Pour ceux d’entre vous qui utilisent le module SM130 seul, vous devez relier les pins VCC et RFVCC à la sortie 5V de l’Arduino, les pins GND et RFGND à une masse de l’Arduino (GND). Ensuite, que vous utilisez le module avec ou sans shield, vous devez relier le UART RX à la broche D7 de l’Arduino et le UART TX à la broche D8.

Montage module SM130 et Arduino UNO

Montage du module SM130 relié à un Arduino UNO au moyen de 4 câbles et d’un shield Evaluation RFID

Maintenant, notre module est branché sur notre Arduino et nous n’avons, jusqu’ici, encore eu besoin d’aucune aide extérieur.

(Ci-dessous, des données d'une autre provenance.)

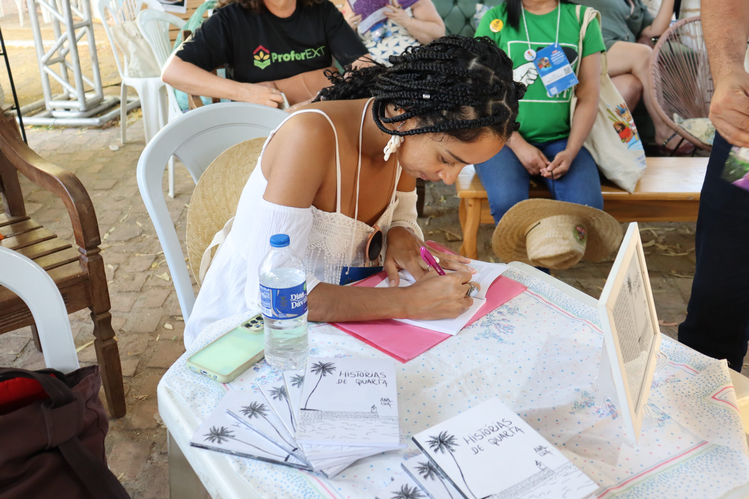 Completando o trio de obras, foi apresentada “Tecendo redes de Economia Solidária com Mulheres Rurais”, escrita por Seomária Costa, extensionista rural e pesquisadora que atua no Vale do Jiquiriçá e no Baixo Sul da Bahia.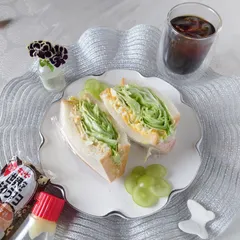 簡単サンド(マヨ 世界マヨ 芳醇トリュフ味) パンの片面にマヨネーズ、もう一方に世界を味わうマヨ 芳醇トリュフ味を塗りました。 レタス、チーズ、ロースハム、卵焼きをサンドしました。
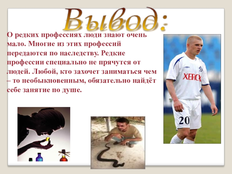 Вывод: О редких профессиях люди знают очень мало. Многие из этих профессий передаются по наследству. Редкие профессии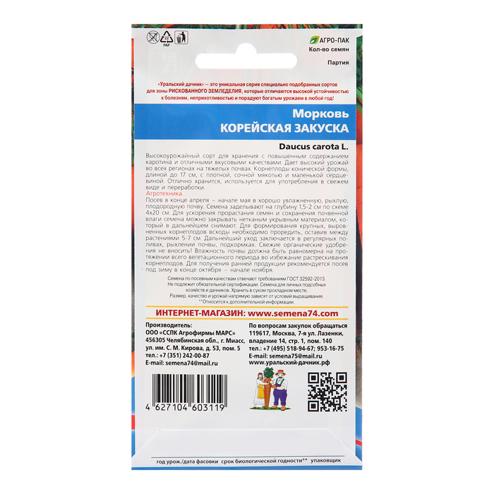 Семена Морковь «Корейская Закуска», 2 г, «Уральский дачник» — Характеристики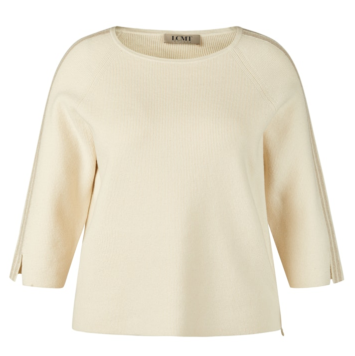 Dieser edle Pullover in uni elfenbein gehört zu den Must-have der neuen Saison. Mit rundem Ausschnitt sowie 3/4 Arm und seitlicher Ziernaht lässt sich der Pullover mit sehr feiner Rippe immer sehr leicht kombinieren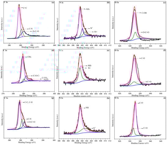 XPS high-resolution spectra of (a) C1s of PANi@FG, (b) N1s of PANi@FG, (c) O 1s of PANi@FG, (d) C 1s of PANi/PMMA@FG, (e) N1s of PANi/PMMA@FG, (f) O 1s of PANi/PMMA@FG, (g) C 1s of PANi/PMMA/PPG-b-PEG-b-PPG@FG, (h) N 1s of PANi/PMMA/PPG-b-PEG-b-PPG@FG @FG and (i) O 1s of PANi/PMMA/PPG-b-PEG-b-PPG@FG @FG.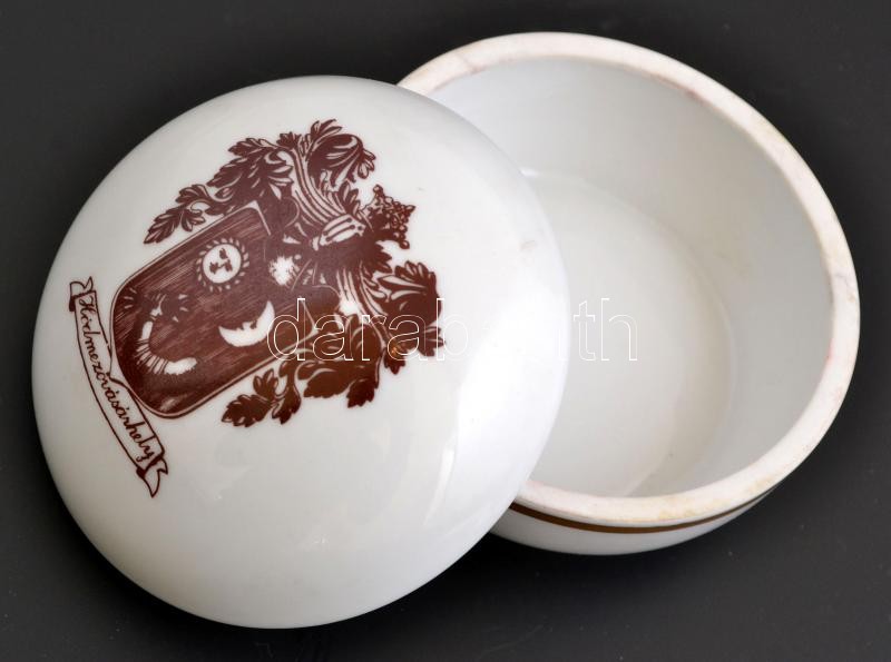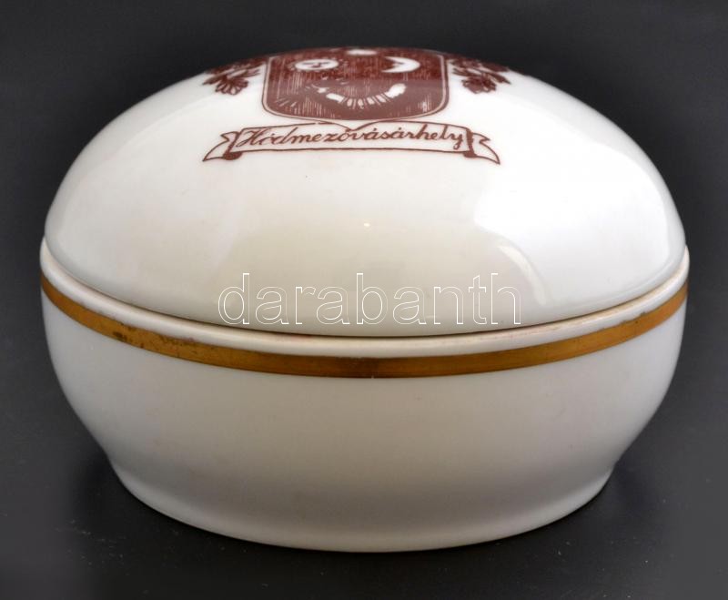 Leírás: Alföldi porcelán bonbonier Hódmezővásárhely címerével, matricás, jelzett, kis kopásnyomokkal, d: 9 cm, m: 5 cm

Le plus difficile arrive maintenant. Nous ne travaillerons désormais qu’avec la datasheet du module SM130 pour la suite de l’article. Je vous propose d’aller à la page 7/8 de cette datasheet. A la page 7, vous retrouvez l’ensemble des commandes que nous pouvons utiliser sur notre module. Dans la colonne de gauche, vous avez la commande hexadécimale correspondante à la commande du module présentée dans les deux colonnes de droite.
Mais la page 8 est bien intéréssante pour nous, nous allons trouver de nombreuses informations dedans. Tout d’abord, dans le premier paragraphe, nous retrouvons tous les débits Série disponible pour notre module mais il est bien spécifié que le débit par défaut est 19200bps, N, 8, 1 c’est-à-dire une vitesse de 19200bps avec aucun bit de parité, 8 bits de données et 1 bit de stop. Ne tenez pas compte des 3 paramètres N, 8, 1 ils ne sont pas intéressant dans notre cas, notez simplement la vitesse de 19200bps.
Le premier tableau présent sur cette page de la datasheet:

Header Reserved Length Command Data CSUM
1 Byte 1 Byte 1 Byte 1 Byte N Bytes 1 Byte

Nous permet de réellement comprendre le protocole de communication du module. Nous avons ensuite le détail du contenu de chaque bit que je vais rappeler ici:

  • Header: Toujours à 0xFF, il permet d’avertir le module que nous allons lui envoyer des données
  • Reserved: Toujours à 0x00, il est réservé à une utilisation future que le fabricant pourrait en faire
  • Length: C’est une variable qui prend pour valeur le nombre de bit transmis (Command + Data)
  • Command: C’est une variable qui prend pour valeur l’une des commandes présentes sur la page 7
  • Data: C’est une variable qui prend pour valeur les données que l’on souhaite transmettre liées à la commande
  • CSUM: c’est le « checksum », la clé de salage, elle prend pour valeur la somme de tous les bits, sauf de Header

Un retour sur la page 7 nous permet de retrouver le code correspondant à la commande que nous souhaitons. En effet, pour vérifier en permanence la présence d’un tag RFID sur l’antenne du module, nous pouvons utiliser la commande correspondante au code « 0x82 » qui ne prend pas d’argument (Data = 0).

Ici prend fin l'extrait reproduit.